Carrie Tapia: I’ve pled it once, and there was a good reason at the time that I don’t remember right now. But I agree for the most part, if it’s no-fault, then it’s no-fault. You don’t need to do that. And it’s generally not in someone’s best interest to wait for three years to file
Holly Draper: Oh, yeah
Carrie Tapia: … you know, from living apart. So hopefully people don’t wait that long thinking they need to hit that ground.
Holly Draper: Right. And kind of an example that comes to mind of when this might be pled would be when people have been living apart, they don’t even know where the other person is.
Carrie Tapia: Right.
Holly Draper: And that sort of gives some explanation of, “We split up years ago. I don’t know what happened to them. I don’t know where they are,” and so you might see this in that situation.

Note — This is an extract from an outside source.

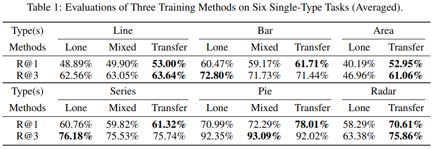 评价结果如表 1 所示。混合和迁移范式(Transfer)通常比单独训练 (Lone) 和仅混合模式(Mixed) 效果更好。特别地,Transfer 的评价标准 R@1 超过了其他两种方法。

So, let’s move on and discuss each of the fault grounds that are available because, as we all know, there are fault grounds available in Texas that you can plead. And I would say there are two that are most common, and those would be cruelty and adultery. Let’s start with cruelty. What exactly does that mean under the family code?
Carrie Tapia: It’s a good question. It generally means that there’s some type of pretty severe abuse that occurred. I would say the times that I’ve seen it granted would be physical abuse. You can plead that if there’s mental cruelty, emotional abuse, things like that, but the bar is high.
You have to have some pretty, pretty severe actions that you can prove up in order to meet the cruelty ground. Evidence such as police reports, you have a protective order against them that’s already been found, there’s medical records, witness testimony from an uninterested witness, text message or email evidence.
It needs to be more than just the testimony of the victim, and it needs to be more than just, “He says mean things to me.”
Holly Draper: And if you actually have to go to trial and you have bad facts against the other side, you know, cruelty is one that you might want to amend and include if you’re actually going to be going to trial because this is one of the things that I think can get you a disproportionate share of the estate.
If the other side has been abusive, the other side has been just awful to your client- Right … then this is something you want to make sure that you amend to plead if you haven’t done it at the beginning. I think it plays a bigger role in the property division, but I do think it can impact custody. If we have somebody who’s guilty of cruel treatment, maybe they’re less likely to get a 50/50 schedule, or maybe they’re less likely to even get expanded standard because of the type of behavior that has been going on in that house.
Carrie Tapia: Especially if it’s cruelty based off of family violence, then there’s other implications for custody that n- would be considered.
Holly Draper: Right, because if you get a family violence finding, and if you’re looking for a family violence finding, you probably also should have a foreground of cruelty in there- Yes
because those things seem to go hand-in-hand. But yeah, that’s going to give you implications on managing conservatorship and other things on the custody side. Okay, adultery, everybody’s favorite foreground. So this is the one, you know, I, I can’t even tell you how many conversations I’ve had to have with the non-guilty party when adultery was an issue in a case about how judges really don’t care.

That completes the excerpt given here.